Task –
Go through the records and give each one again exactly, omitting the images.

The data –
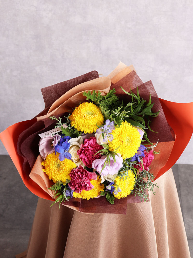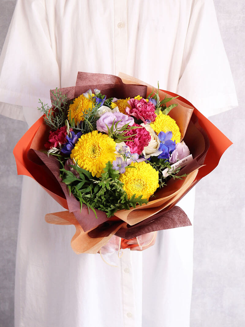 *お届け日はご希望としての承りとし、災害等の影響で遅延が生じる場合があることをご了承の上でご注文ください。 *一部地域への配送はご希望日時に添えない場合もあることをご了承ください。 *送料・決済方法・不在時対応等について、ご注文前にご利用案内をご一読・ご理解の上、ご注文ください。 *使用する花は、季節により発色や大きさが写真と異なる場合がございます。また、天候や仕入れの状況により変更する場合もありますが、ボリューム感や雰囲気は掲載写真にそうよう配慮いたします。花の仕入れは制作・発送の直前に決定するため、花の内容変更について事前にご連絡をすることが難しい場合があることを予めご了承ください。 *商品によっては、時期により仕入れ不可能な場合がございます。その際、速やかに弊社よりご連絡させていただきます。 *商品に納品書(商品の価格が記載されたもの)は一切同梱いたしません。 *領収書をご入用の際は、マイページの注文履歴より表示できます。 *1回のご注文でお届けできる住所は1箇所のみです。 *お届け先の住所が複数の場合は別々にご注文ください。
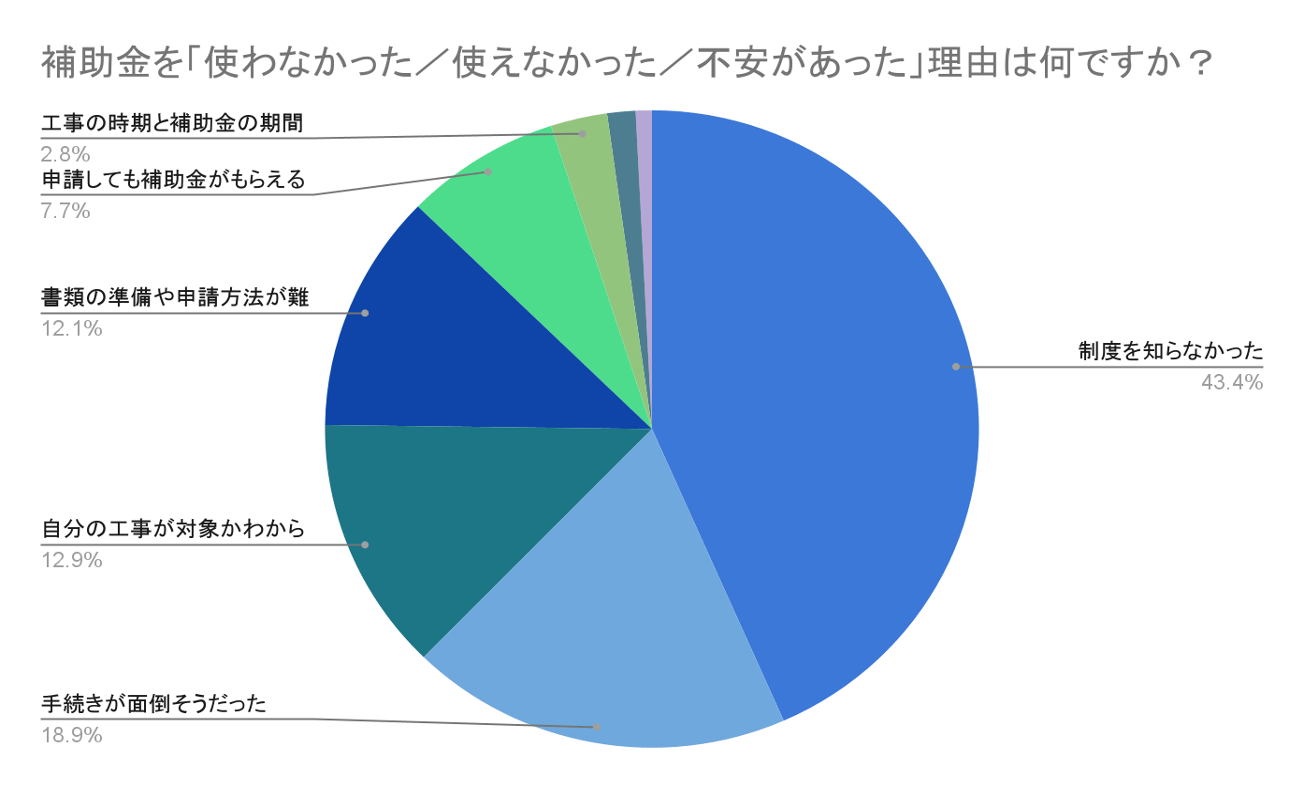 補助金を利用しなかった理由としては「制度を知らなかった」が43.4%で最多、次いで「手続きが面倒そう」18.9%、「対象になるかわからない」12.9%と続き、認知不足が大きな障壁となっている([グラフ2])。
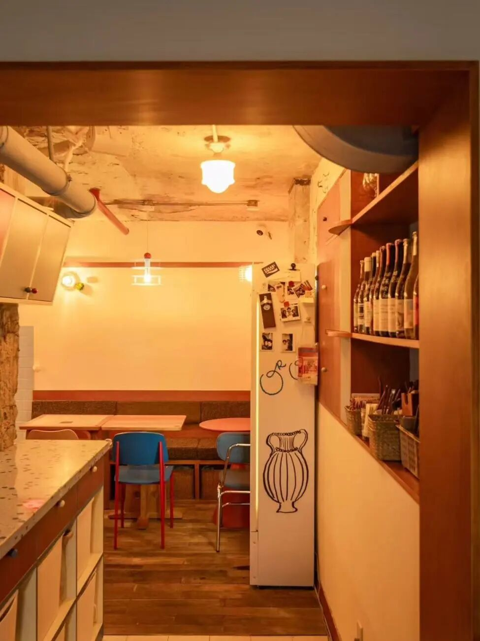 第一是半开放式厨房或吧台式操作台。你可以看着咖啡师拉花、甜品师摆盘、厨师煎牛排,强调“手作温度”与“透明化”。在鸟鸟热炒这家定位“川菜爆炒·社区食堂”的店里,风格转向市井烟火气与复古港风——红砖墙、霓虹灯、老式桌椅,开放式厨房里明火大灶火光四溅,滋啦声和香味直接弥漫到用餐区。
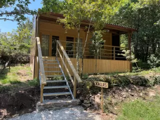 - Cabaña de 2 habitaciones (Xallas, A Ruña, A Moa, O Pindo). Unas preciosas cabañas con un interior repleto de comodidades que podréis disfrutar un máximo de 4 personas. En su interior: salón con sofá, televisión y una mesa de comedor; 2 habitaciones cada una de ellas con una cama de matrimonio; un baño equipado; y un porche con un rincón de estar con sillas de madera o mesa de picnic, según el alojamiento.
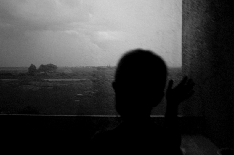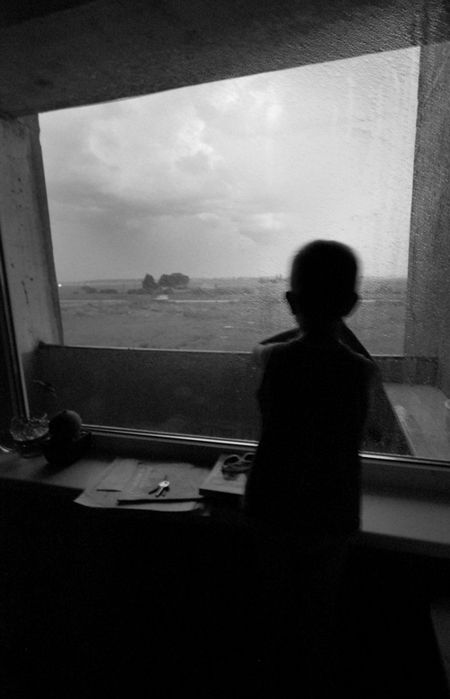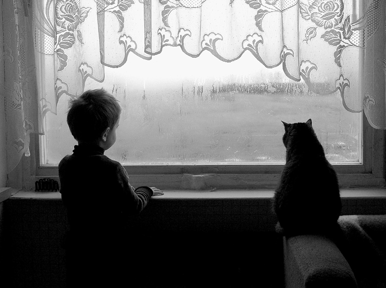 Sūnus prie lango.
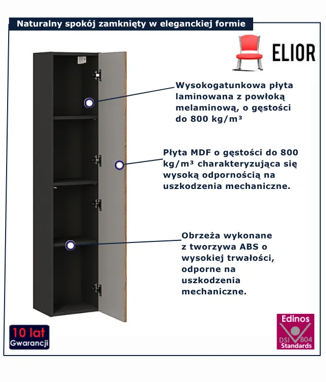 • Produkt posiada certyfikat jakości "Edinos Standards DSI 804", który potwierdza najwyższą jakość wykonania mebla oraz pełny stopień zgodności poszczególnych jednostek wytworzonego wyrobu z przyjętym wzorcem.
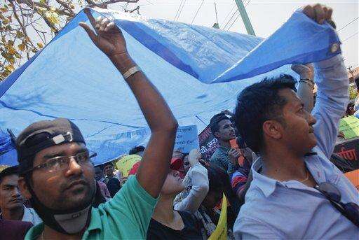 Nepalese people carry tarpaulin as they protest on the first anniversary of the devastating earthquake in Kathmandu, Nepal, Sunday, April 24, 2016. About 100 protesters scuffled with riot police outside the prime minister's office demonstrating against the slow reconstruction of the homes. More than 600,000 homes were destroyed and around 185,000 damaged in the quake. (AP Photo/Niranjan Shrestha)
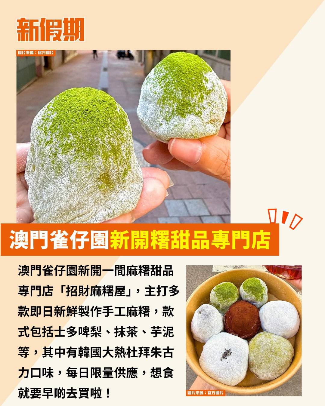 澳門雀仔園新開一間麻糬甜品專門店「招財麻糬屋」,主打多款即日新鮮製作手工麻糬,款式包括士多啤梨、抹茶、芋泥等,其中有韓國大熱杜拜朱古力口味,每日限量供應,想食就要早啲去買啦!

Response area –
 *お届け日はご希望としての承りとし、災害等の影響で遅延が生じる場合があることをご了承の上でご注文ください。 *一部地域への配送はご希望日時に添えない場合もあることをご了承ください。 *送料・決済方法・不在時対応等について、ご注文前にご利用案内をご一読・ご理解の上、ご注文ください。 *使用する花は、季節により発色や大きさが写真と異なる場合がございます。また、天候や仕入れの状況により変更する場合もありますが、ボリューム感や雰囲気は掲載写真にそうよう配慮いたします。花の仕入れは制作・発送の直前に決定するため、花の内容変更について事前にご連絡をすることが難しい場合があることを予めご了承ください。 *商品によっては、時期により仕入れ不可能な場合がございます。その際、速やかに弊社よりご連絡させていただきます。 *商品に納品書(商品の価格が記載されたもの)は一切同梱いたしません。 *領収書をご入用の際は、マイページの注文履歴より表示できます。 *1回のご注文でお届けできる住所は1箇所のみです。 *お届け先の住所が複数の場合は別々にご注文ください。
 補助金を利用しなかった理由としては「制度を知らなかった」が43.4%で最多、次いで「手続きが面倒そう」18.9%、「対象になるかわからない」12.9%と続き、認知不足が大きな障壁となっている([グラフ2])。
 第一是半开放式厨房或吧台式操作台。你可以看着咖啡师拉花、甜品师摆盘、厨师煎牛排,强调“手作温度”与“透明化”。在鸟鸟热炒这家定位“川菜爆炒·社区食堂”的店里,风格转向市井烟火气与复古港风——红砖墙、霓虹灯、老式桌椅,开放式厨房里明火大灶火光四溅,滋啦声和香味直接弥漫到用餐区。
 - Cabaña de 2 habitaciones (Xallas, A Ruña, A Moa, O Pindo). Unas preciosas cabañas con un interior repleto de comodidades que podréis disfrutar un máximo de 4 personas. En su interior: salón con sofá, televisión y una mesa de comedor; 2 habitaciones cada una de ellas con una cama de matrimonio; un baño equipado; y un porche con un rincón de estar con sillas de madera o mesa de picnic, según el alojamiento.
 Sūnus prie lango.
 • Produkt posiada certyfikat jakości "Edinos Standards DSI 804", który potwierdza najwyższą jakość wykonania mebla oraz pełny stopień zgodności poszczególnych jednostek wytworzonego wyrobu z przyjętym wzorcem.
 Nepalese people carry tarpaulin as they protest on the first anniversary of the devastating earthquake in Kathmandu, Nepal, Sunday, April 24, 2016. About 100 protesters scuffled with riot police outside the prime minister's office demonstrating against the slow reconstruction of the homes. More than 600,000 homes were destroyed and around 185,000 damaged in the quake. (AP Photo/Niranjan Shrestha)
 澳門雀仔園新開一間麻糬甜品專門店「招財麻糬屋」,主打多款即日新鮮製作手工麻糬,款式包括士多啤梨、抹茶、芋泥等,其中有韓國大熱杜拜朱古力口味,每日限量供應,想食就要早啲去買啦!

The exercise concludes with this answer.